Convolution is one of the fundamental building block of Deep Neural Network (DNN) but sometimes, it can be extremely expensive to compute since it brings a lots of parameters and we are running risk of overfiting. This is where depthwise separable convolution can be used to reduce the total number of parameters, as a result, speed up convolution. This is a form of factorized convolutions which factorize a standard convolution into a depthwise convolution and a 1 x 1 convolution called a pointwise convolution.
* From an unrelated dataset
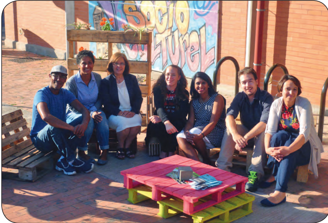
Toute l'équipe du centre socioculturel Clara-Zetkin vous accueille toute l'année pour élaborer avec vous et les élus délégués à la vie associative et à la culture la programmation de la structure.

« Clara Zetkin », c'est un espace de proximité ouvert à tous les Villetaneusiens.

Depthwise separable convolution first use the depthwise convolution to applies a single filter to each input channel. Then the pointwise convolution is used to applies a 1 x 1 convolution to combine the outputs of the depthwise convolution. This differ from the standard convolution since it both filters and combines inputs into a new set of outputs in one step, thus more expensive in computation.

This depthwise separable convolution splits this into two layers, a separate layer for filtering and a separate layer for combining. This factorization has the effect of drastically reducing computation and model size.

A standard convolution layer takes as input a $D_F \times D_F \times M$ feature map $F$ and produces a $D_F \times D_F \times N$ feature map $G$ where $D_F$ is the spatial width and height of a square input feature map (assume that the output feature map has the same spatial dimensions as the input and both feature maps are square), $M$ is the number of input channels (input depth), and $N$ is the number of output channel (output depth).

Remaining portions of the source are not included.